As one of the largest employers in the region, we have a responsibility to address issues of sustainability. We can set an example for others in our region—and beyond—by utilizing our expertise, innovation, research and the holistic approach that permeates how we work at Vanderbilt.
While I have enjoyed seeing the work to date involving our expert faculty and engaged students on these matters, I want to emphasize that I am struck by the efforts many in our division have made on this front. Our staff are integral to making the campus more sustainable. By engaging in these dialogues, we are reflecting the values not only of our division, but of our institution, as well as our commitment to innovation and the human experience. Your contributions have not gone unnoticed, and I want to commend those who have worked tirelessly. I also want to emphasize that our work is not done, and it will take each and every one of us—committing to making a difference, no matter how big or small—to reach our goals collectively.
I have chosen sustainability, broadly, as a topic for this month’s newsletter, as it is a topic that I feel is important for us to continue to discuss and improve upon. I hope you will enjoy reading about our efforts to date and consider ways in which you, and your teams, can get involved to improve the campus environment.
Vice Chancellor for Administration
The Princeton Review announced its list of the top 50 green colleges in October, and once again, Vanderbilt was on it. This continued recognition for our efforts showcases the importance we put on making sustainability a top priority.
Earlier this year, we announced our goal to power campus entirely through renewable energy and committed to carbon neutrality by 2050. The way we will reach this ambitious yet achievable goal is investing in on-site clean energy and off-site large-scale renewable energy, decreasing our carbon footprint from vehicles, increasing green spaces across campus, reducing consumption and waste, and investing in sustainable infrastructure.
Just a few weeks ago we released a FutureVU progress report that offers a glimpse of achievements we made last fiscal year.

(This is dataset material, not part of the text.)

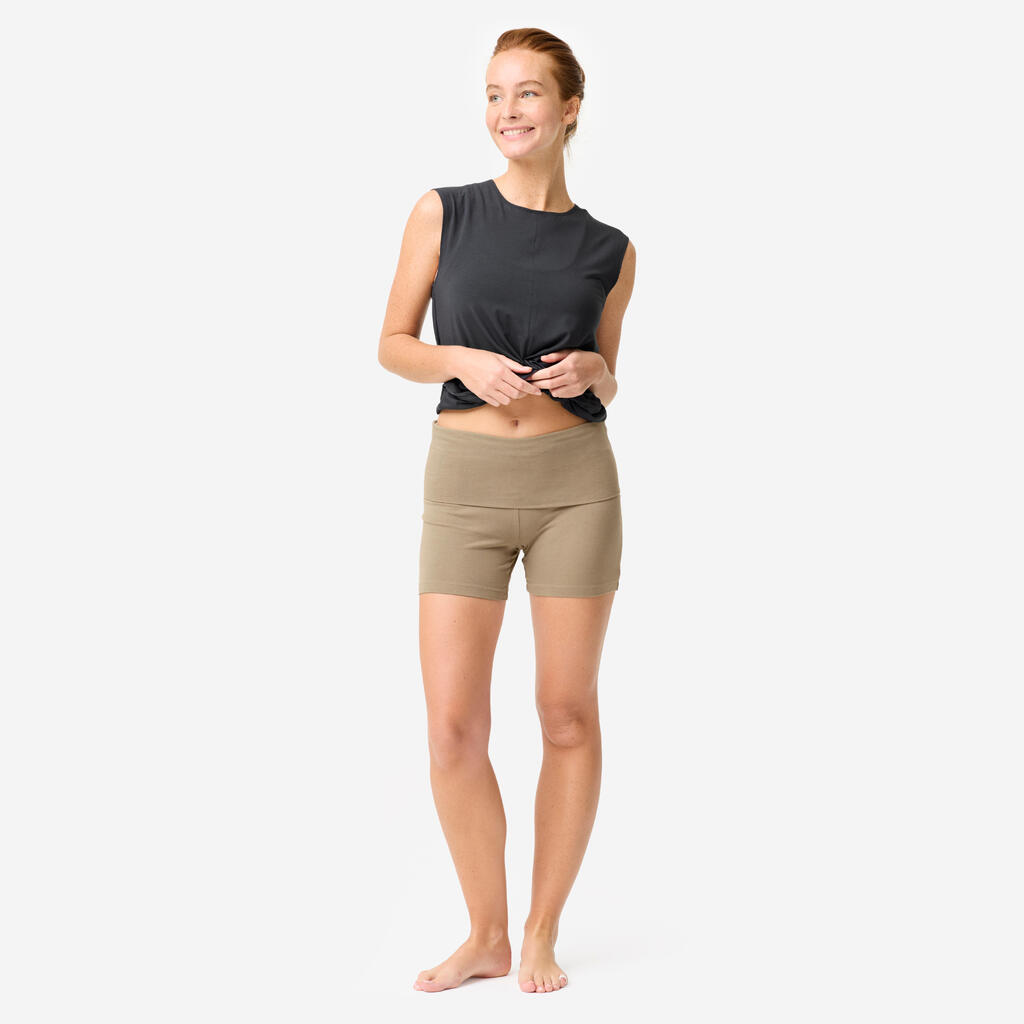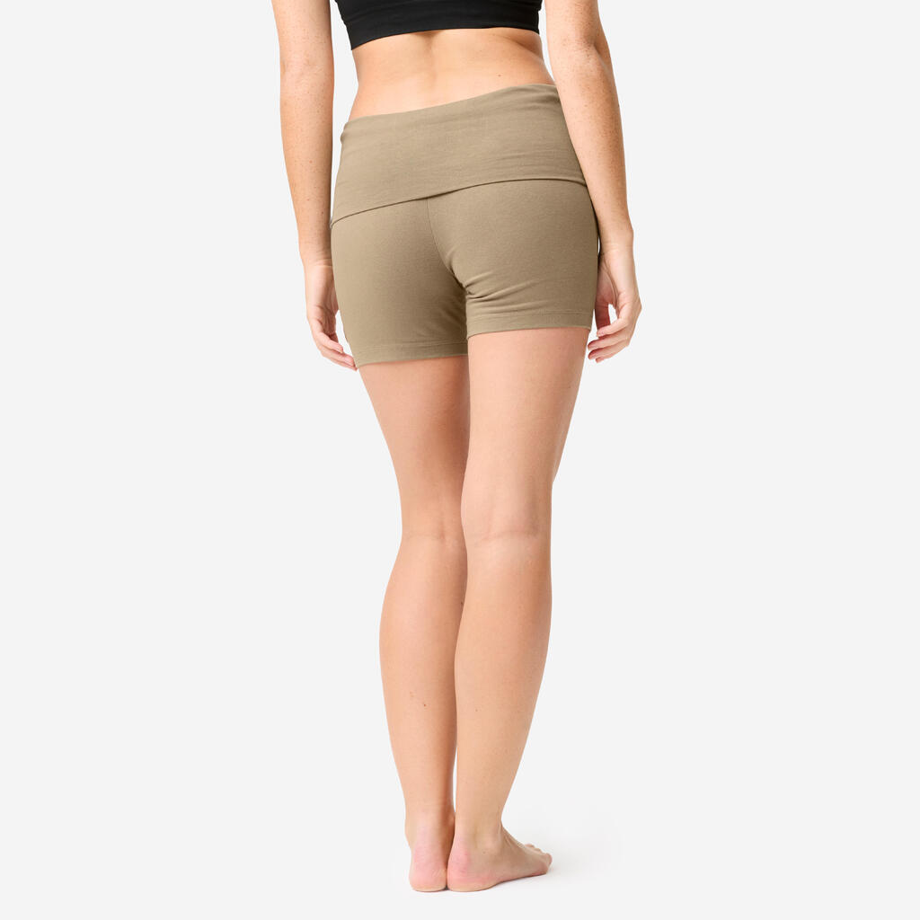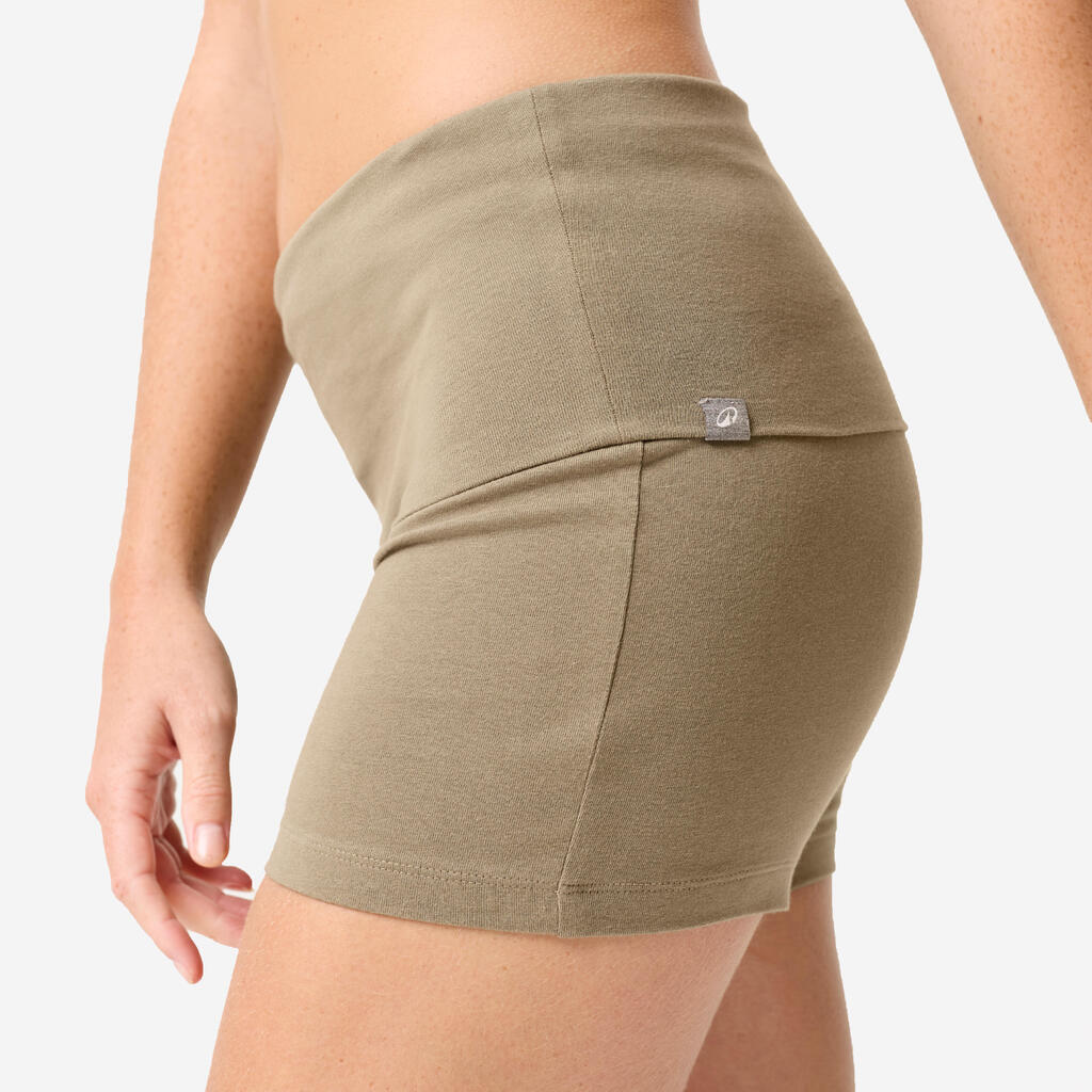 Mekani pamučni šorts. Visok pojas, koji se može preklopiti, pruža potporu stomačnim mišićima i prilagođava se svakoj figuri, čak i trudnicama.

Many elements of this progress report touch on aspects of sustainability, whether that be site and landscape improvements, stormwater management, emissions, waste and recycling and more.

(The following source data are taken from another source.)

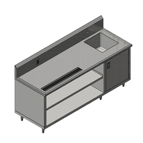 Beverage Table, cabinet base with open front, 132"W x 30"D x 45-3/4"H overall size, 14/300 stainless steel top with 10" backsplash, marine edge top, Stallion Safety Edge front and square turndown ends, (1) 18"W x 18" front-to-back x 12" deep sink on right, (1) set of splash mount faucet holes with 4" centers, 3-1/2" drain opening, hinged door in front of sink, 36" urn trough & louvered grate with 2" drain, (1) intermediate shelf, includes 1-ph duplex outlet in backsplash, 18/430 stainless steel wrap with legs & adjustable feet, NSF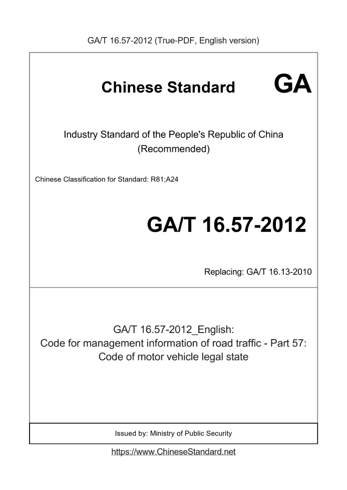 Basic dataStandard ID: GA/T 16.57-2012 (GA/T16.57-2012)Description (Translated English): Code for management information of road traffic - Part 57: Code of motor vehicle legal state Sector / Industry: Public Security (Police) Industry Standard (Recommended) Classification of Chinese Standard: R81;A24 Older Standard (superseded by this standard): GA/T 16.13-2010 Regulation (derived from): Announcement on Publication of Public Safety Industry Standard; Industry Standard Record Announcement No. 3 of 2013 (No. 159) Issuing agency(ies): Ministry of Public Security Tips & Frequently Asked Questions:Question 1: How long will the true-PDF of GA/T 16.57-2012_English be delivered?Answer: Upon your order, we will start to translate GA/T 16.57-2012_English as soon as possible, and keep you informed of the progress. The lead time is typically 1 ~ 3 working days. The lengthier the document the longer the lead time.Question 2: Can I share the purchased PDF of GA/T 16.57-2012_English with my colleagues?Answer: Yes. The purchased PDF of GA/T 16.57-2012_English will be deemed to be sold to your employer/organization who actually pays for it, including your colleagues and your employer's intranet.Question 3: Does the price include tax/VAT?Answer: Yes. Our tax invoice, downloaded/delivered in 9 seconds, includes all tax/VAT and complies with 100+ countries' tax regulations (tax exempted in 100+ countries) -- See Avoidance of Double Taxation Agreements (DTAs): List of DTAs signed between Singapore and 100+ countriesQuestion 4: Do you accept my currency other than USD?Answer: Yes. If you need your currency to be printed on the invoice, please write an email to Sales@ChineseStandard.net. In 2 working-hours, we will create a special link for you to pay in any currencies. Otherwise, follow the normal steps: Add to Cart -- Checkout -- Select your currency to pay. |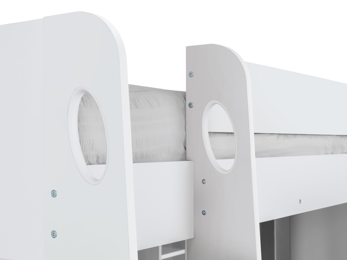 The Aurora High Sleeper provides ample storage within a compact space, the perfect set up for kids and teenagers. Finished in a white wrap, this high sleeper combines drawers, shelves, a hanging rail and pull-out desk with cable holes. The Aurora also includes a tall mirror upon a panel underneath the bed, suitable for use when getting ready.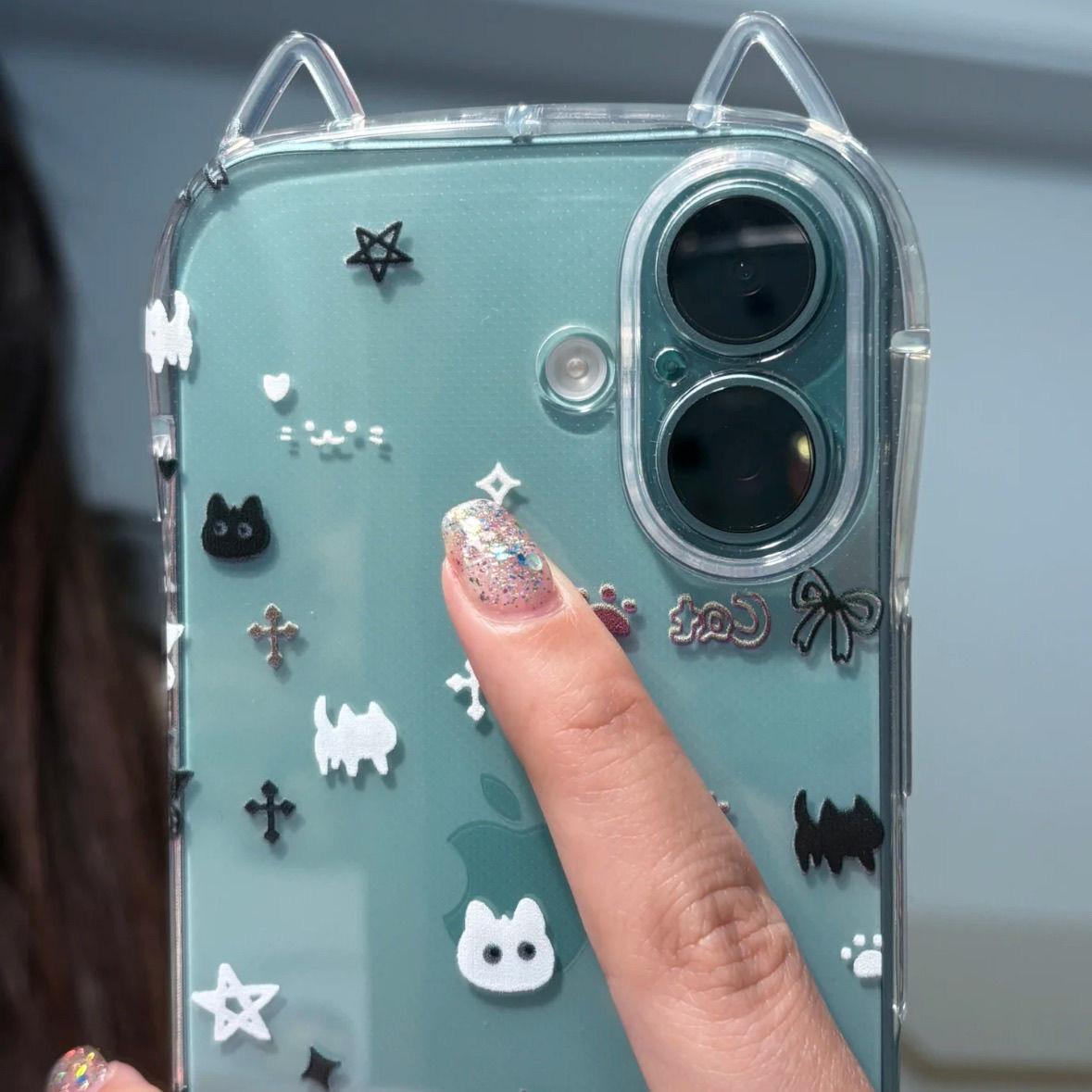 斑点星星猫咪适用iPhone16promax猫耳朵透明苹果15promax手机壳硅胶软壳14pro立体全包13/12防摔可爱11保护壳 - 卖个壳子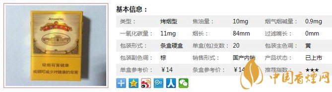 | 類型 :烤煙型 | 焦油量 :10mg | 煙氣煙堿量 :0.9mg | 一氧化碳量 :11mg |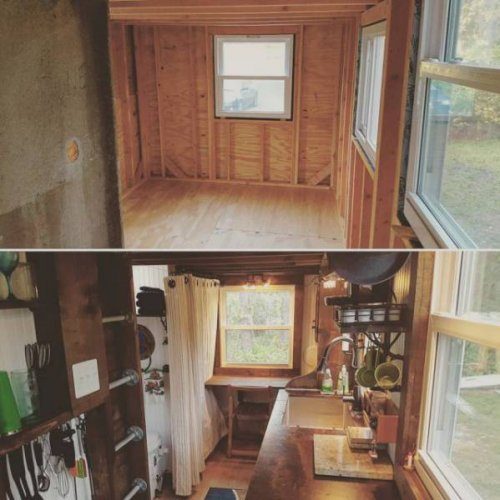 Парень нашёл 8-метровый прицеп и построил на нём дом площадью 21,4 квадратных метра, потратив на строительство и обустройство домика 14.000 долларов.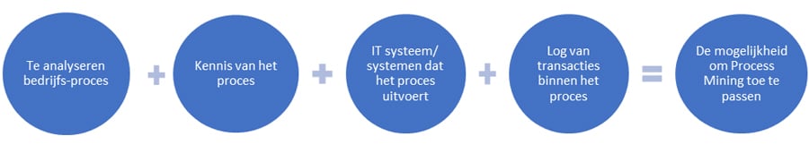 | Kennis van het proces | Om de resultaten van process mining goed te kunnen interpreteren, is het wenselijk dat een expert van het proces betrokken is. Hierdoor kunt u de verbetermogelijkheden beter signaleren en prioriteren. De proces-expert kan u ook helpen om deze verbeteringen daadwerkelijk te implementeren. |

Below you will find highlights of our efforts so far to become a more sustainable campus. While we have hit many impressive milestones, there is still much work to be done. It will take all of us actively participating to make a difference. Let’s all think about ways we can incorporate sustainable practices into our work each day.
On-site clean energy
Vanderbilt produces a portion of electricity, all of the steam, and a portion of the chilled water consumed on campus at the combined Heat and Power Plant. Infrastructure in the West End and Peabody neighborhoods are being upgraded with more sustainable hot and chilled water lines. We also have invested in solar-powered electronic charging stations and picnic tables. A solar-powered hot water system and a 20kW solar photovoltaic electric system have been installed at the Currey Tennis Center. Electricity from those solar panels are fed into the electricity grid. Further energy conservation and efficiency measures are being evaluated for use in the near and long-term future as discussed in the BlueSky Energy Vision Study.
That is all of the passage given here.